Is it life or is it critical?
Should you insure your life for the benefit of your family or your health for your own benefit? That’s an issue for many families, since while life insurance is cheap, Critical Illness cover is much more expensive and buying CI cover for two thirtysomething parents can cost five times as much as term life cover.
When CI was introduced, it was promoted as a separate type of policy. Today, because people appreciate the value of the cover, more and more young people are buying it. And insurers have adapted policies to make it more affordable. But some of the new policies have drawbacks.
For example, you need to have life assurance cover on your mortgage. Most lenders insist on this, because the last thing they want to have to do is repossess a house because a widow can’t afford the mortgage repayments.

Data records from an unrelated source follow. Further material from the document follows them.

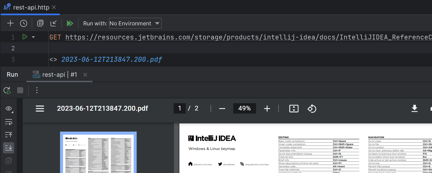 IntelliJ IDEA 现在能够在 HTTP 客户端的请求结果中显示 PDF 和 HTML 文件的预览。
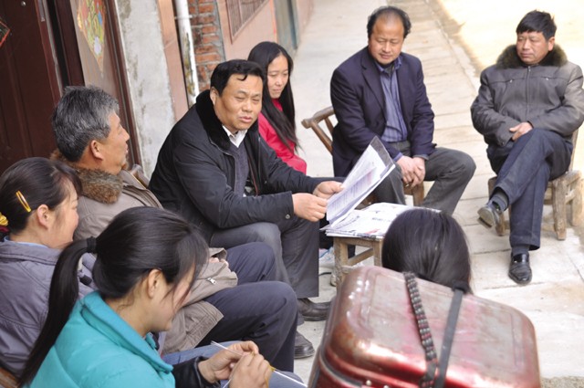 3月9日,曾都区科学技术协会负责人带领有关技术人员来到何店镇响堂村,向农户推广科技知识,帮助村里制订村级经济发展规划。 (本报记者 陈德友摄)
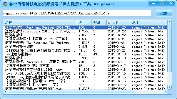电影资源搜索工具是一款免费的电影资源搜索神器,使用该软件可以帮助你将百度云盘资源解析出来生成独立的下载链接,并可将下载链接复制到迅雷、QQ旋风等下载器中进行快速下载,有需要的朋友欢迎下载使用。
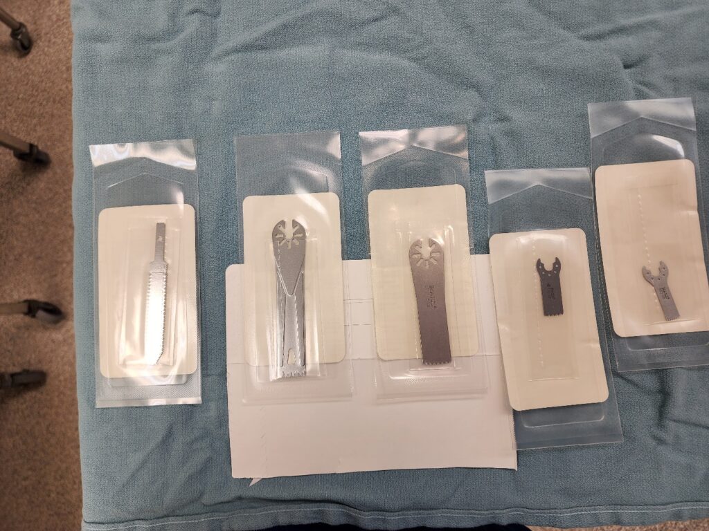These blades are sharp as their main objective is to cut bone by either a reciprocating, cutting action from front to back, or an oscillating, cutting action from side to side. Saw blades are disposable but the power instruments they are attached to are reusable. Precaution must be taken to ensure the safety mechanism is on to prevent accidental activation of power.
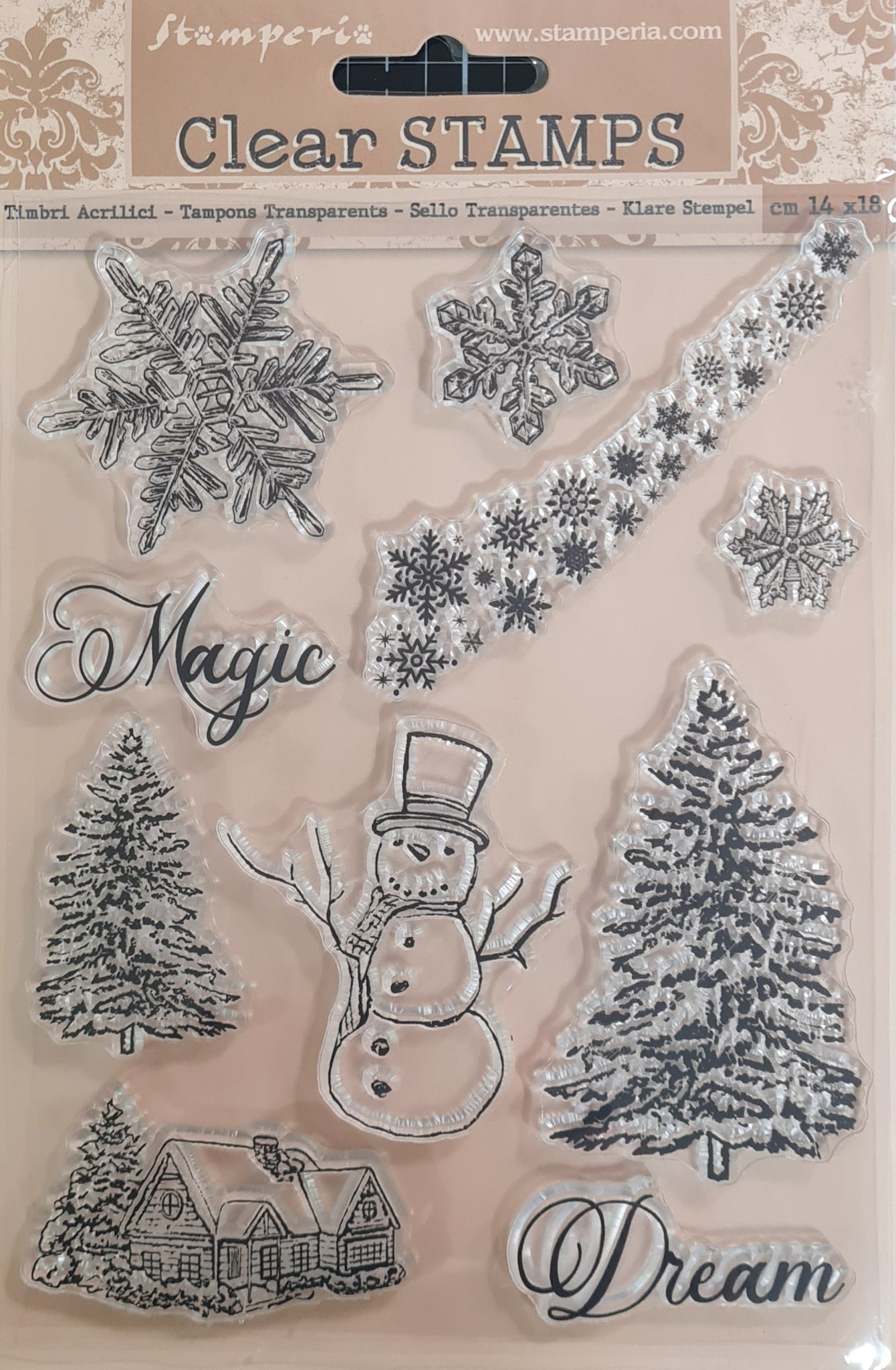 Sello acrílico Home for the Holidays copos de nieve, árbol
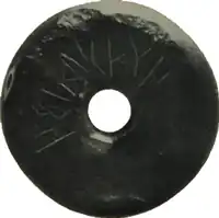 The second spindlewhorl was discovered by farmers plowing a field near Shokhtoy. As it was found by happen-stance outside of an orderly archaeological dig Ksenofontov didn't consider the Kurumchi as the probable creators of the item.[32] Donner and Räsänen were only able to distinguish some of the eroded characters. They offered "the fifth of the snowy month" and "the fifth month of the arqar year" as partial translations.[42] Later Ksenofontov,[46] Malov,[41] Orkun,[37] and Bazin[47] offered their own interpretations of the partial text. In 2019 Tishin made a comprehensive translation.[38]
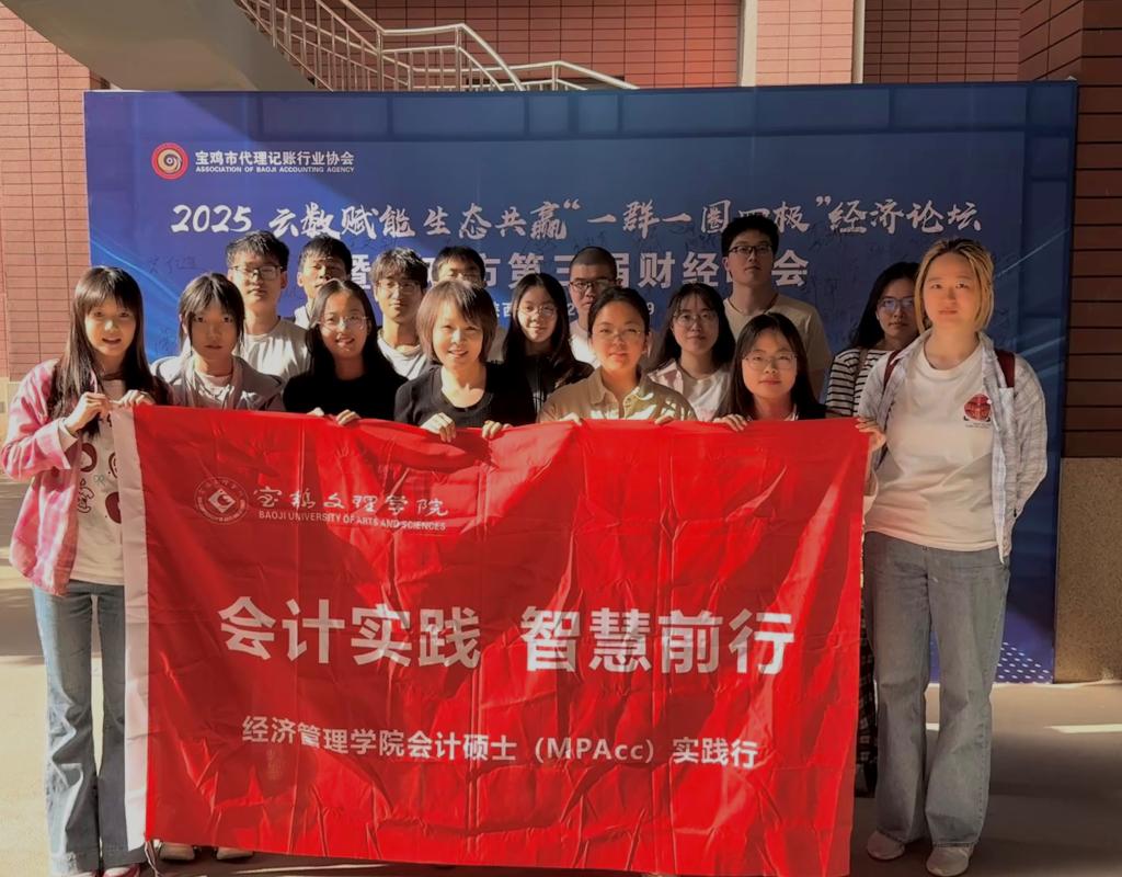 4月29日,由宝鸡市财政局指导,宝鸡市代理记账行业协会主办,宝鸡市民营企业协会、陕西西部民营经济公司、宝鸡市信用协会协办的“2025云数赋能生态共赢‘一群一圈四极’经济论坛暨宝鸡市第三届财经峰会”在宝鸡职业技术公司报告厅举行。公司2024级MPAcc研究生参加本次财经峰会。
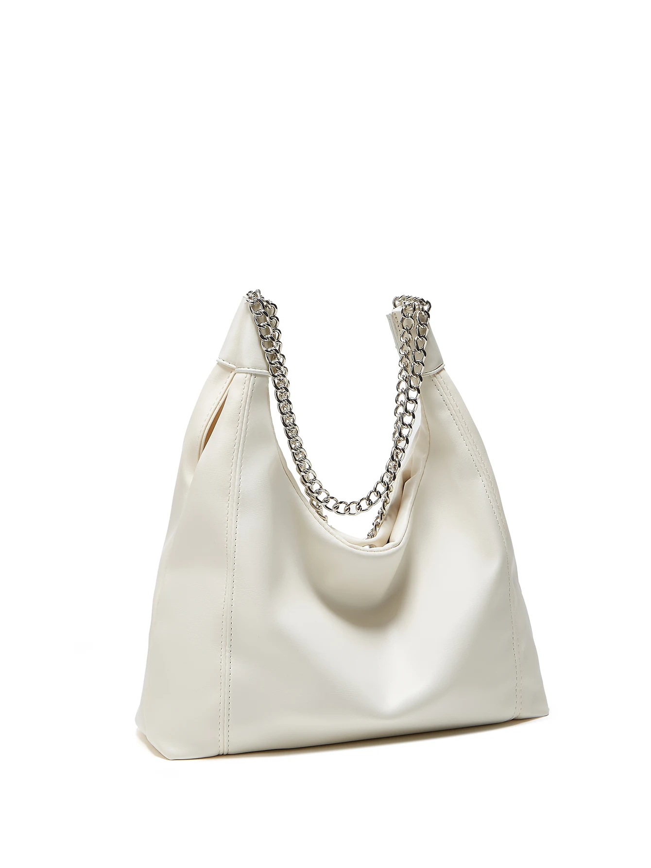 The neutral, timeless design ensures this tote coordinates seamlessly with your professional wardrobe, while the decorative chain element adds a contemporary touch that elevates the overall aesthetic. This thoughtful balance of classic and modern design elements creates a bag that remains stylish season after season.
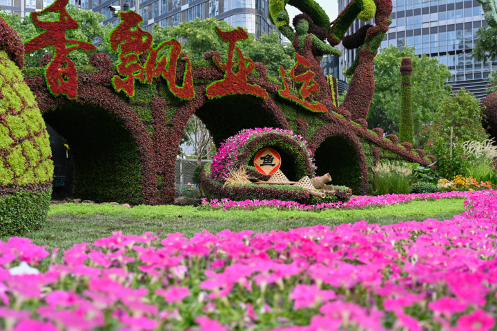 “整个立体花坛本身也是一出亚运剧目。”工作人员说,最外围是一圈定制的电影巨幕,以流淌千年的大运河为地图,结合拱墅区标志性建筑,期寄在亚运期间为来到的观众和市民,展现花满拱墅、花满杭城的美好画面。
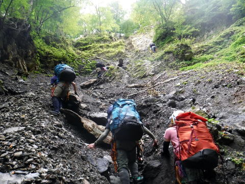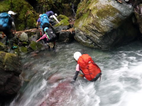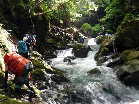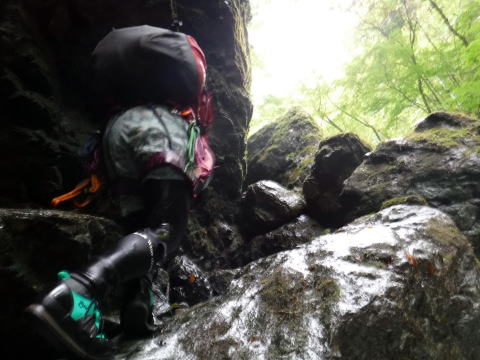 入渓すると沢は巨大アクティブティ。わくわくどきどき。幸い天気は少し回復し、頭の上まで木々の緑が覆っています。

You can get a CI-plus-life insurance policy instead of straight life insurance. But some of these policies, in order to make the premiums affordable, pay out only one benefit. So if you were diagnosed as having a critical illness, you’d get the payout. You’d probably want to use at least some of the cash to support you in your illness - so your family would be left with some or all of the mortgage after your death. But CI-plus-life insurance paying a double benefit is a lot more expensive.
If affordability is the issue, then you can look at another solution, which is buying life insurance and an income protection plan, which pays a tax-free monthly benefit up to a set age (often 65) if you suffer any form of illness that prevents you from working. Because it doesn’t pay a lump sum and most people recover, premiums for this type of cover give you a lot more bang for your buck.